This is a brief Python (3.10.0) project that aims to synchronise source and destination directories using a client-server that communications over an IP.
This was developed and tested on Windows 11, so I cannot verifiy if it will work on Linux.
To run the program, run main.py and specify the existing source and destination folders as the --src and --dst arguments respectively, such as:
python .\src\main.py --src=test_components/src/ --dst=test_components/dst
To run the behavioural tests:
behave .\test\features\
The client component recursively scans the source directory and retrieves the path of every file found. The client then iterates over the list of paths, and determines if the files are:
- New - the path hasn't been saved by the client and thus not synchronised yet.
- Modified - the path has been seen already, and the modification timestamp metadata of the file is more recent than the timestamp of the last scan
- Deleted - a previously found file is not present in the list of found paths within the directory.
Once the list of new, modified and deleted files has been obtained, the client shall read the data of the file, and encode it within the ISO8859-1 scheme. This scheme facilities the sending and writing of different file extensions, while being in a relatively compact format, and has yielded great results when testing against the popular document, video, and audio file types. The component then wraps this encoded data with the relative file path to the source directory folder within a JSON object, and sends the data to the server over an IP, facilitated by the socket library.

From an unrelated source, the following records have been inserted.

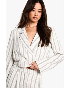 Tall Stripe Linen Look Cropped Blazer - White
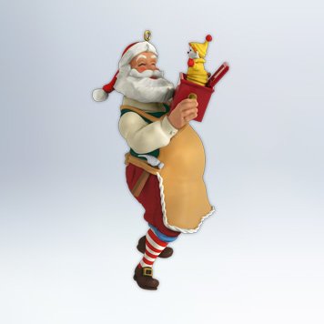 What special project has Santa taken on this year? For the #13 ornament in the Toymaker Santa series, we peer into the Santa’s workshop and see him tinkering around with a jack-in-the-box toy.
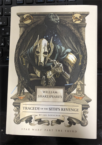 スターウォーズネタです。 息子が注文していた洋書が届いたのでした。 「STARWARS」の脚本をシェイクスピア風に書いたらどうなるかという内容のもので、ラボでシェイクスピアにも親しんでいる息子は、本を読みながら大爆笑。 同じくスターウォーズ好きな友人にセリフが書かれているページを写メして送って、そこでまた2人で大爆笑でした。 これはシリーズ3ですが、全シリーズがシェイクスピア調セリフになって売っているそうです。

If the file has been deleted, the client simply sends the path to the server. While this works well, it doesn't inform of behaviour well - given the message simply contains a path. While adding complexity, this could be improved by creating two different channels of communication between the client-server, one for writing data and one for deletion of files at a given path. As a result, it becomes incredibly clear to the server, or any future software, what it should do with the data.

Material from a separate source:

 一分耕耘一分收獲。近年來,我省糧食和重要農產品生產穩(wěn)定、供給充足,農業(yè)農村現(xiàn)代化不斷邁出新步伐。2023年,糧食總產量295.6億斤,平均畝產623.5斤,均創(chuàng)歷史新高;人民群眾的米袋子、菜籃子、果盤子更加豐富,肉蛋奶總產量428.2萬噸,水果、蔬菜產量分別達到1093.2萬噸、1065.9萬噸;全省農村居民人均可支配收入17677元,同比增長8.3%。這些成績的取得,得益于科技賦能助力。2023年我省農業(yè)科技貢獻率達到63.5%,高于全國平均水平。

This project features behavioural tests using the behave library. The high-level scenarios and result are shown below, but additional breakdown can be found in /test/features/*.feature
.
- Synchronise single tiered directory - Passed ✅
- Synchronise multi tiered directory - Passed ✅
- Synchronise copied file - Passed ✅
- Synchronise directories when a file is removed - Passed ✅
- The client is given a large file, but it is too large to send. - Passed ✅
- A rejected large file is later deleted from the client directory. - Passed ✅
- Synchronise .mp4 files - Passed ✅
- Synchronise .avi files - Passed ✅
- Synchronise .mov files - Passed ✅
- Synchronise .jpg files - Passed ✅
- Synchronise .tiff files - Passed ✅
- Synchronise .png files - Passed ✅
- Synchronise .mp3 files - Passed ✅
- Synchronise .wav files - Passed ✅
- Synchronise .pdf files - Passed ✅
- Synchronise .docx files - Passed ✅
- Synchronise .xlsx files - Passed ✅
Other than the aforementioned communication, another improvement could be to reduce the amount of data required to be sent in the event of a file being modified. Currently, if a file is updated, all the file's data is resent to the server, which is inefficient. To improve this, the client could firstly identify a series of modifications, and then upload each series with a starting position within the file. Therefore, if a text file containing the string Hello
were to be updated to Hello World!
, the client would simply need to send World!

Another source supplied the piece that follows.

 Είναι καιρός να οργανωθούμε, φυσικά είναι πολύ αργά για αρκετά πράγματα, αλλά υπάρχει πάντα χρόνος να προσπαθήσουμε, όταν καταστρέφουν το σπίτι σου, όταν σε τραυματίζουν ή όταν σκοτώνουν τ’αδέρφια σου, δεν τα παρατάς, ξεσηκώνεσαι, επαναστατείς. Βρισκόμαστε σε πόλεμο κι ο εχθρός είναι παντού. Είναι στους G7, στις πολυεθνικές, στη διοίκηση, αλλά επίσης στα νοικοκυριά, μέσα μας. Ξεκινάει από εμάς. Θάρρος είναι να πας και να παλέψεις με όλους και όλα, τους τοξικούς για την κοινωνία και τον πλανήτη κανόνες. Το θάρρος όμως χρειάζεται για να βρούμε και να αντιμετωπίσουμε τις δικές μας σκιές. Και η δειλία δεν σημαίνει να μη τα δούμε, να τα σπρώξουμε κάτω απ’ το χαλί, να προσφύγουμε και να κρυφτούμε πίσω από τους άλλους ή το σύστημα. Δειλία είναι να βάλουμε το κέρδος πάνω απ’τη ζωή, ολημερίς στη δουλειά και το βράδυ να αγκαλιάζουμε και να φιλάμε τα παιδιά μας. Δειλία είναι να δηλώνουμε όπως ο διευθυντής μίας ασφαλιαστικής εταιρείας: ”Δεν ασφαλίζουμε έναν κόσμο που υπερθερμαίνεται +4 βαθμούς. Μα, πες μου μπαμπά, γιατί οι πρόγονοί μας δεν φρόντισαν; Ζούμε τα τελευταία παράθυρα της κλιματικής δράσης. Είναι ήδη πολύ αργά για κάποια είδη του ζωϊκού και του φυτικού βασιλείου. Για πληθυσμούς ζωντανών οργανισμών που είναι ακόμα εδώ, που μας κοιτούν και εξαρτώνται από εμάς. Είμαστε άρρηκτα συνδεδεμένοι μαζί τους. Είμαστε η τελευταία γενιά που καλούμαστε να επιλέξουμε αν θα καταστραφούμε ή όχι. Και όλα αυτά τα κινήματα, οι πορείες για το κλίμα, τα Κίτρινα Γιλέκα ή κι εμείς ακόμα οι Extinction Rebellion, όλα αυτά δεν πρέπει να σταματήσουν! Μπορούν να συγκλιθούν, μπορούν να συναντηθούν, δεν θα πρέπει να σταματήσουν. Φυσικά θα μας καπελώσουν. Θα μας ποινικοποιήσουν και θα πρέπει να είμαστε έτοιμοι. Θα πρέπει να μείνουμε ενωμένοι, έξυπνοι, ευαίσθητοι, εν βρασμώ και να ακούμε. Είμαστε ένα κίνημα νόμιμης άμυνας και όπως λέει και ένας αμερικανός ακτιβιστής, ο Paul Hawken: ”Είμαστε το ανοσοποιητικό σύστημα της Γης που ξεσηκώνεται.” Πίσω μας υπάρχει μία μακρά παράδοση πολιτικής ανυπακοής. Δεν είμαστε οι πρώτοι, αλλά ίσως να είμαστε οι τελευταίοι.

along with an index informing the server to insert World!
to the end of the string.
Furthermore, testing could be improved with stub messaging. Currently, tests in place are behavioural tests for the entire system, and so doesn't particularly well inform at a low-level what has failed. This could be improved by messaging interfaces, which could be implemented using the socket library for actual software usage, but could also be implemented by a stub messaging class that simply sends and/or receives data through a list. As a result, it would allow a further breakdown of testing - for example testing that if a new file was added, the stub messaging list would receive a single entry for the file, and could be verified standalone without the use of the server. I do something similar at work, hence the observation!